### Task to complete
Without copying any pictures, restate exactly the lines from the start of the records through the line containing "2、最大工作幅度46米,最大起重量4噸,額定起重力矩400KN.M;".

===== Dataset content

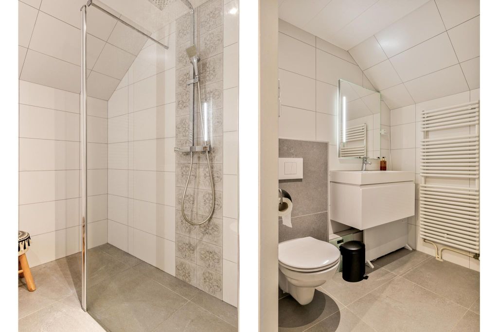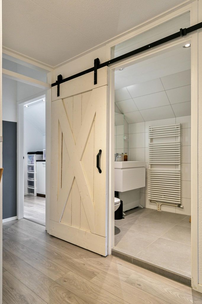 De badkamer (uit 2018) is voorzien van een barndeur (Houten ‘staldeur” op rail met wielconstructie) en is uitgevoerd met een toilet, douche en wastafel in een badmeubel.
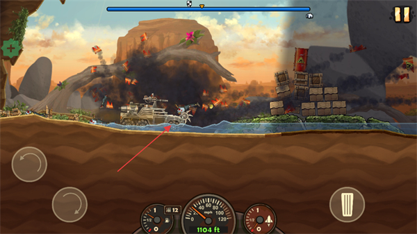 1、驾驶车辆在荒漠中行驶,上方进度条显示行驶进程,不断推进距离。
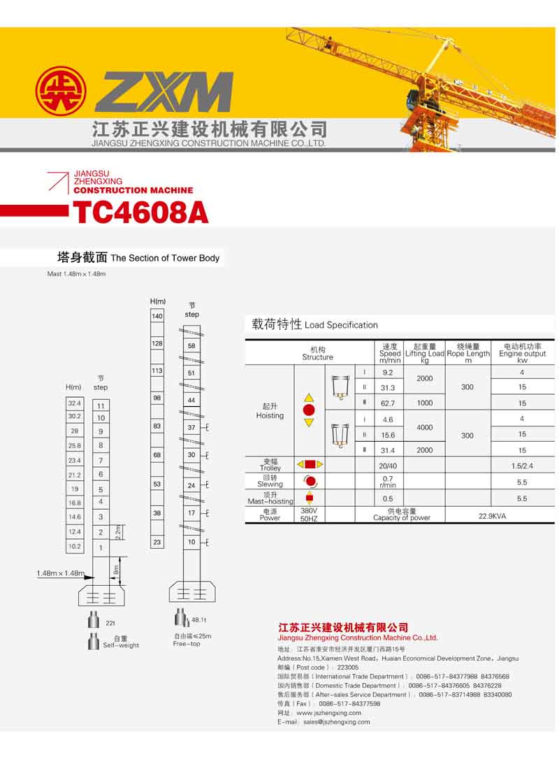2、最大工作幅度46米,最大起重量4噸,額定起重力矩400KN.M;
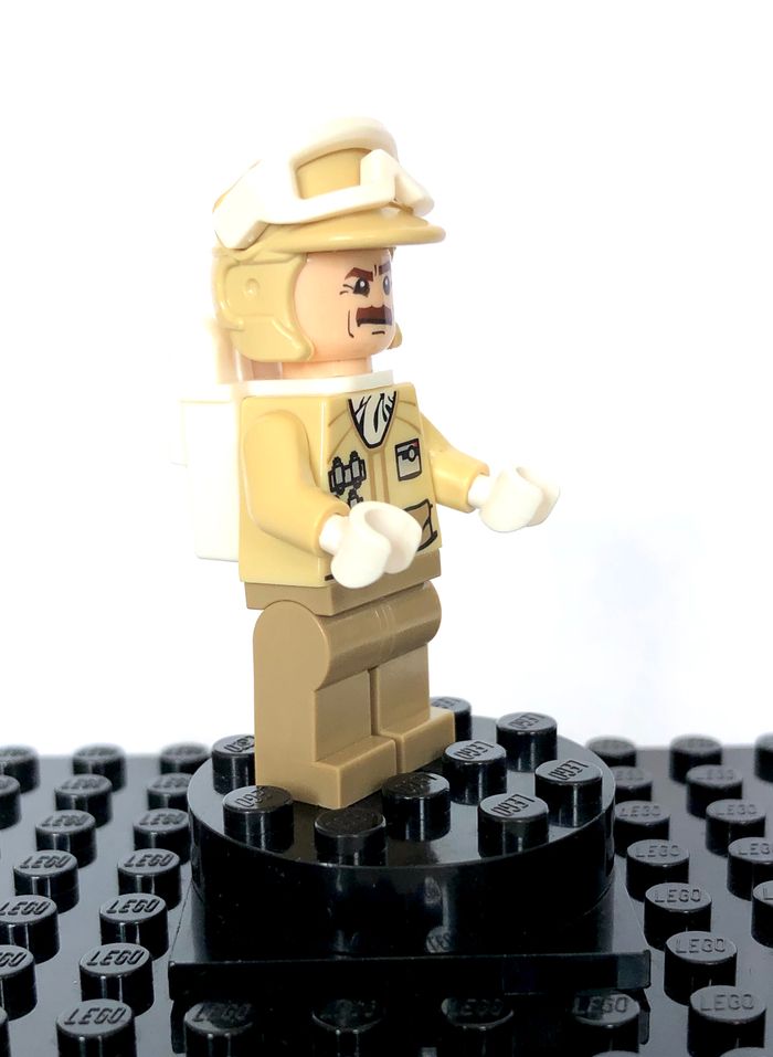 Figurine LEGO Star Wars - Hoth Rebel Trooper, tan uniform Tirée du set 9509 : Calendrier de l'avent 2012 Référence : sw0425 / 9509-13 (hollow stud head version) Complète avec accessoires du set d'origine Comme neuve, jamais jouée, juste exposée
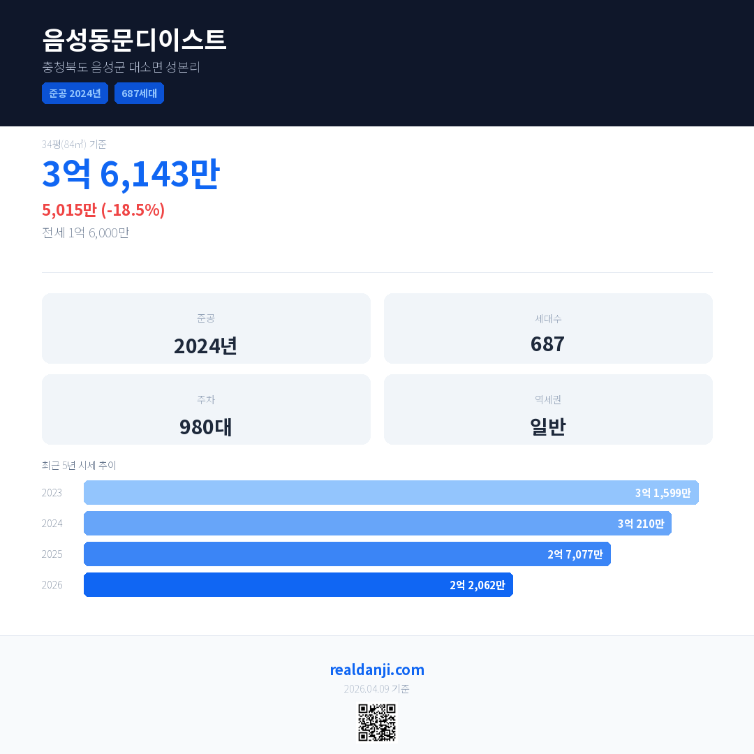 음성동문디이스트 최근 거래가는 2억 7,000만입니다. (2026-02)
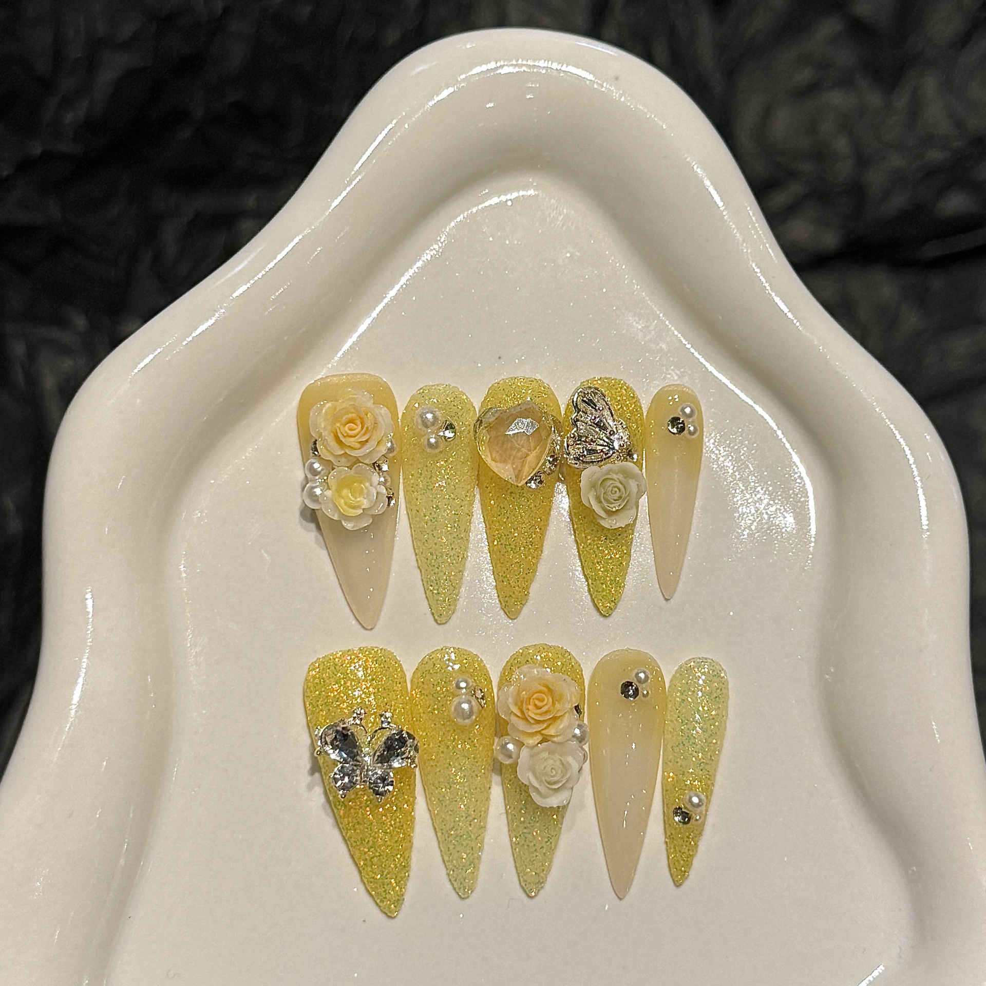 芸禾【夏のドーパミン】新商品の純粋な手作業の光線治療は甲のアーモンドの小さい清新な完成品の甲片を身につけます。
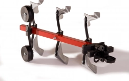 Pluh je vybavený šiestimi radlicami a dvoma kolieskami, ktoré pomáhajú udržať správnu stopu a ľahšiu manipuláciu na rôznych povrchoch.
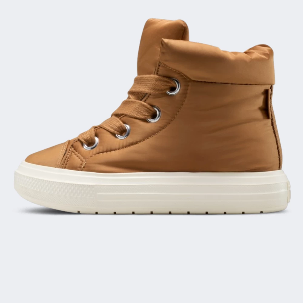 У 1918 році харизматичний баскетболіст Чарльз Х. Тейлор розпочав співпрацю з Converse — союз, який перетворив звичайне спортивне взуття на ікону стилю. З того часу дизайн кедів постійно вдосконалювався, але зберіг легендарний силует, що полонив серця шанувальників вуличної моди в усьому світі. Черевики Converse Chuck Taylor Womens створене для сучасних жінок, які не зупиняються на півдорозі. Вони ідеально підходять для перехідного сезону, коли хочеться відчувати тепло, залишаючись при цьому вірною своєму унікальному стилю. Міцний текстильний верх із водовідштовхувальним покриттям захищає від легкого дощу й вологи, а пуховий дизайн і м’яка флісова підкладка огортають приємним затишком навіть у найпохмуріші дні. Амортизаційна устілка OrthoLite забезпечує максимальний комфорт, дозволяючи відчувати легкість кожного кроку навіть після тривалих прогулянок. Завищений силует і об’ємна шнурівка додають образу виразності та гарантують надійну фіксацію стопи. Зносостійка підошва з рельєфним малюнком забезпечує зчеплення, дозволяючи впевнено крокувати містом. І, звісно, легендарні логотипи All Star — це не просто деталь, а символ свободи, самовираження й тієї енергії, яка робить Converse впізнаваними у всьому світі.
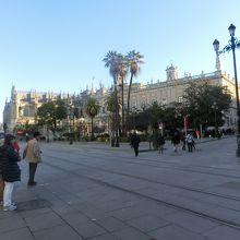 路面電車が通る広い通りでヒラルダの塔が良く見えます
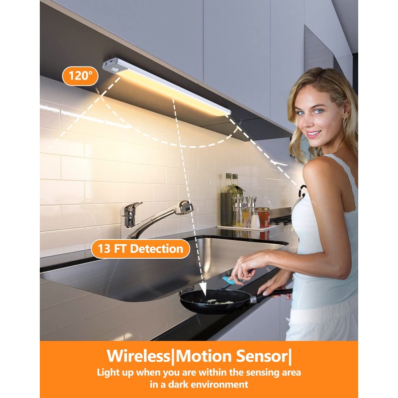 - [Sensitive Infrared Sensor, Home Essentials Light]: In the auto mode, The motion sensor cabinet light automatically identifies the time of day and night, and only light up at dusk or night. The wireless lights can be auto-on when detected human motion within 10ft, and auto-off after the 20s if no motion detected. You needn't find the switch in the night, wireless design makes the products more flexible and applicable.
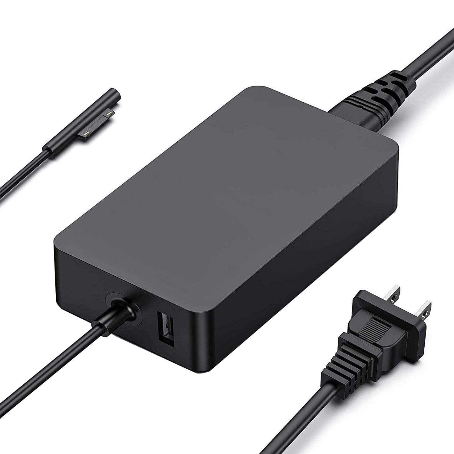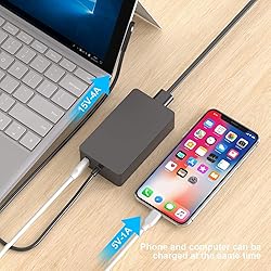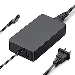 Top-rated 65W Laptop Charger for Microsoft Surface: Full charge Surface Pro 9 in only 1.5h, perfect match surface model 1706, 1866, 1796, 1724, 1625, 1867, 1735, 1800 and so on, higher charging performance than 44W, 39W, 36W, 24W laptop / tablet charger. Widely compatibility: Compatible with Microsoft Surface Pro 9, 8, 7+, 7, 6, 5, 4, 3, X, Windows Surface Laptop 5, 4, 3, 2, 1, Surface Book 3, 2, 1, Surface Go 3, 2, 1, Surface Laptop Go 3, 2, 1, Surface Laptop Studio. Dependable Protection and Safety: Built-in multi safeguards to protect against, overcharging, overheating, short circuiting, friendly to computer battery and provide 2 times longer battery lifespan; official charging video tips without error message popping up. Additional USB Port: With additional USB 2.0 charging port of 5V / 1.5A. You can charge another device such as a phone at the same time. What You Get: 1 x 65W power adapter, 1 x power supply cord; enjoy worry-free 12-month warranty by refund or replacement and friendly customer service.
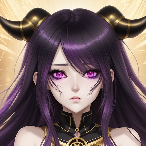 A goddess unique anime girl. blak hair. two purple horns. hair over right eye. beautiful Gold eye. tear running down face.
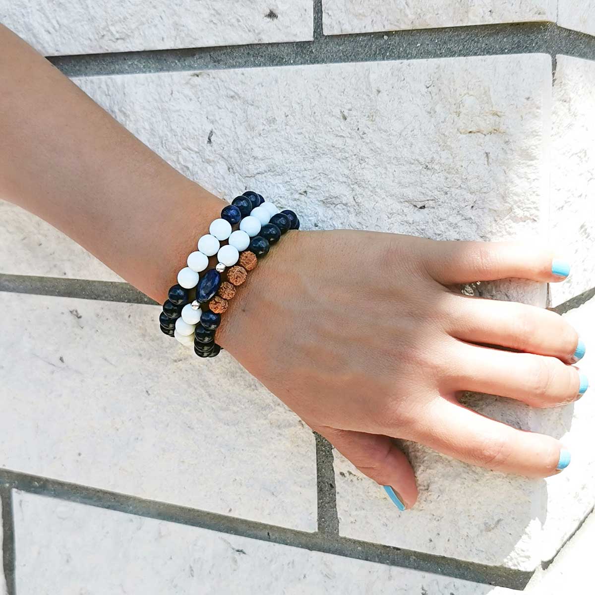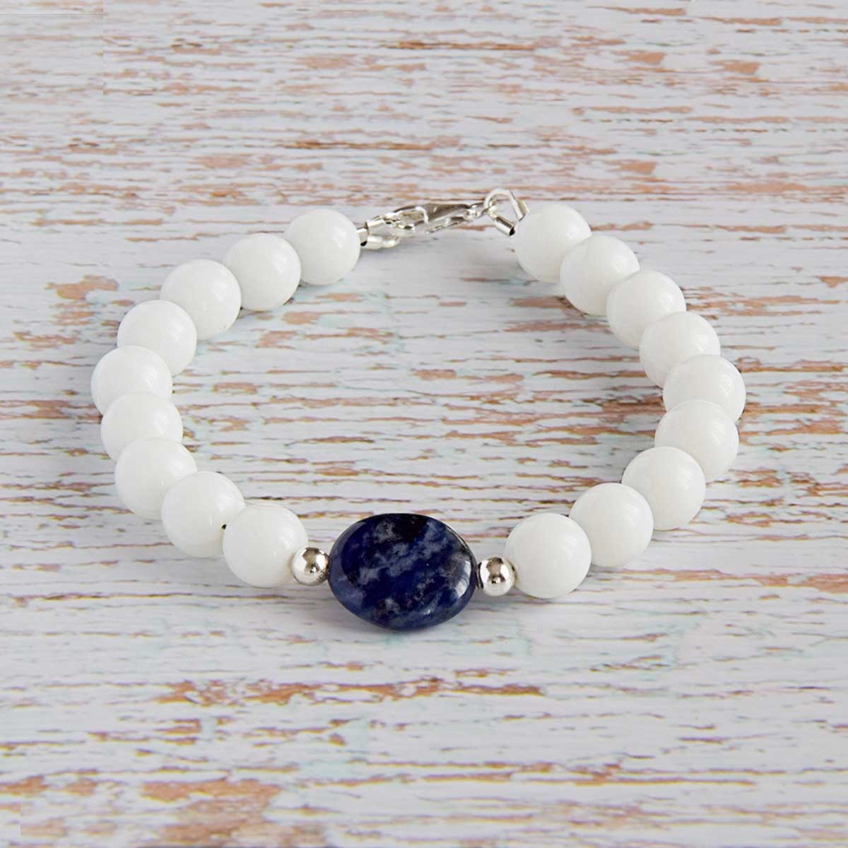 Materijali: netretirano poludrago kamenje A kvalitete: bijeli ahat 8mm, perla sodalita 12mm x 14mm, .925 srebrne perlice 4 mm, sajla, kopča.
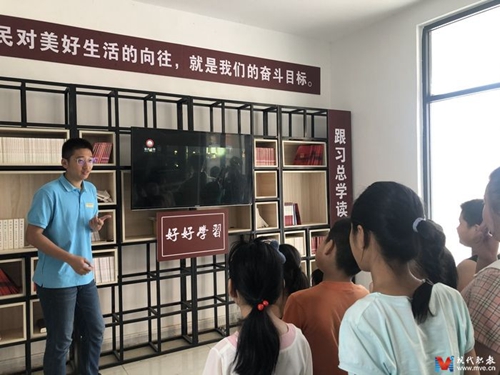 在活动现场,志愿者带领沂蒙老区的孩子们一起观看了《鉴往知来——跟着总书记学军史》主题纪录片,并从南昌城头的一声枪响讲起,用通俗易懂的语言深入浅出的为孩子们讲解了人民军队走过井冈山斗争、走过长征,走过抗日战争、解放战争、抗美援朝等胜利走向胜利的成长发展史,带领孩子们感悟改革创新的伟大力量。随后,志愿者们以“他(她),是我们身边的建国前老党员”为切入点,带领孩子们翻阅《沂水县夏蔚镇建国前老党员风采录》,引导孩子们逐一介绍了自己身边熟识的革命英雄前辈,详细讲述了自己耳熟能详的家乡红色革命故事,用饱含童真且朴实无华的语言生动传承和弘扬伟大的沂蒙精神。

==========

### Written answer
 De badkamer (uit 2018) is voorzien van een barndeur (Houten ‘staldeur” op rail met wielconstructie) en is uitgevoerd met een toilet, douche en wastafel in een badmeubel.
 1、驾驶车辆在荒漠中行驶,上方进度条显示行驶进程,不断推进距离。
2、最大工作幅度46米,最大起重量4噸,額定起重力矩400KN.M;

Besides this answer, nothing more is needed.